[Data excerpt Boundary: Start]

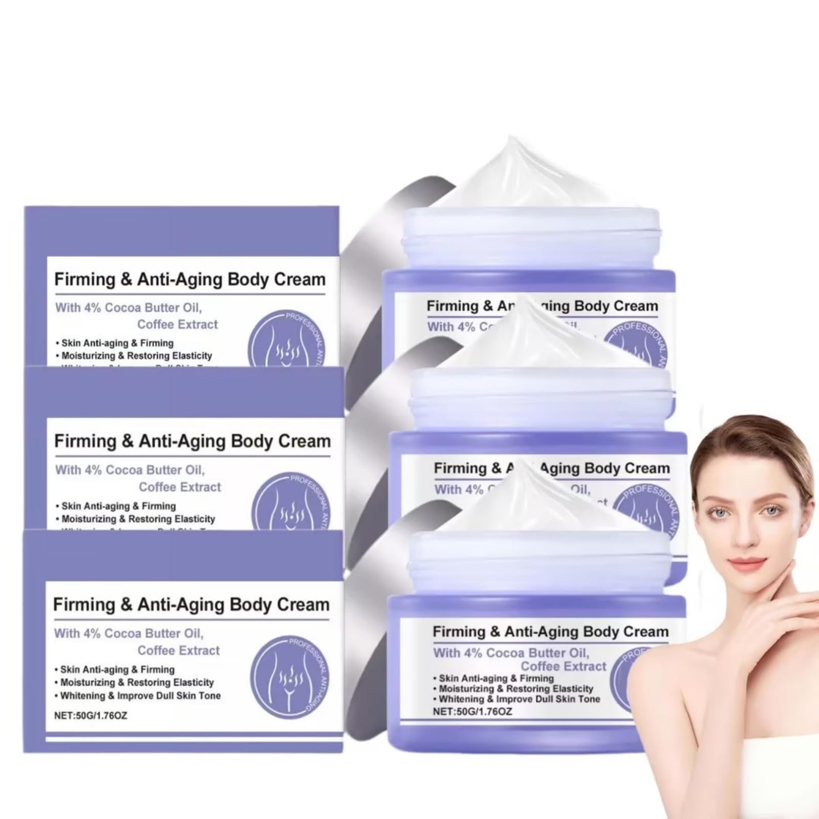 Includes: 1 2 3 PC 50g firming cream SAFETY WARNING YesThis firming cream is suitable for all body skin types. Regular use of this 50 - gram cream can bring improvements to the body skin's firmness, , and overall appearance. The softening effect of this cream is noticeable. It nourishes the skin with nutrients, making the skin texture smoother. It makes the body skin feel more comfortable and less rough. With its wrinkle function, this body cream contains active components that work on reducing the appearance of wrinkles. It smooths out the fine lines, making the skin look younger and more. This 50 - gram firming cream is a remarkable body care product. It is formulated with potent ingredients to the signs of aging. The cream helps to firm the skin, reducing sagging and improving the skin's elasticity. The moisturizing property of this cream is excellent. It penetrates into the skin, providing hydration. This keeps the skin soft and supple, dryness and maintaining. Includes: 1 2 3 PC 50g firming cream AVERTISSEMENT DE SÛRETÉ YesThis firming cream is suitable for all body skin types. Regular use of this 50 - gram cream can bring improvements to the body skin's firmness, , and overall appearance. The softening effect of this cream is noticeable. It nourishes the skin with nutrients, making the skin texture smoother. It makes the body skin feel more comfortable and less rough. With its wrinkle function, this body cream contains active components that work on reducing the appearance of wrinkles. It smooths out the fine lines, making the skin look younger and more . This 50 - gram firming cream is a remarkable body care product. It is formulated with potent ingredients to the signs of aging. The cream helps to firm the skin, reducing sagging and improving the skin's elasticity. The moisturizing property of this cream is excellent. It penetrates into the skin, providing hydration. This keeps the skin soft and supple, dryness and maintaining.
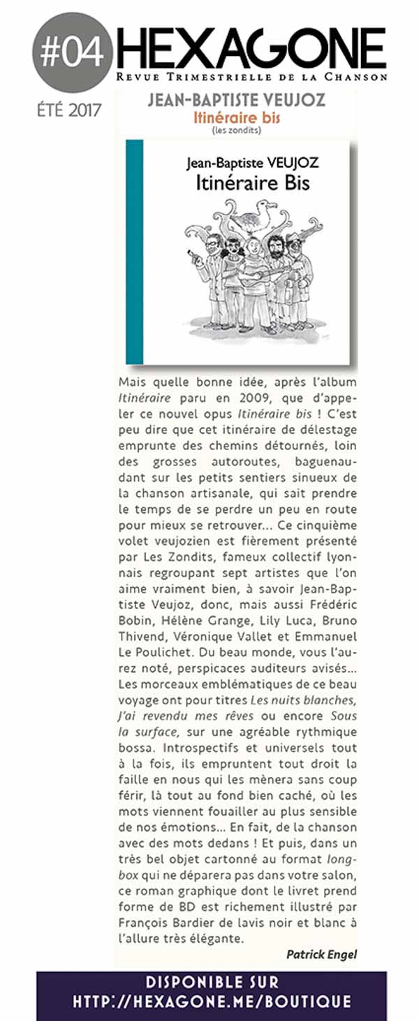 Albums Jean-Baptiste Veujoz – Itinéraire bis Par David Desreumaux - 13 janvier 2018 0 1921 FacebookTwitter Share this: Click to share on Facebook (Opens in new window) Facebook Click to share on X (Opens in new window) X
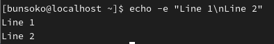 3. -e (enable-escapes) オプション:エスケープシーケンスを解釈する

[Data excerpt Boundary: End]

Every line from the one containing "Albums Jean-Baptiste Veujoz" to the end of the material above is to be returned exactly, with the pictures left out.

 Albums Jean-Baptiste Veujoz – Itinéraire bis Par David Desreumaux - 13 janvier 2018 0 1921 FacebookTwitter Share this: Click to share on Facebook (Opens in new window) Facebook Click to share on X (Opens in new window) X
 3. -e (enable-escapes) オプション:エスケープシーケンスを解釈する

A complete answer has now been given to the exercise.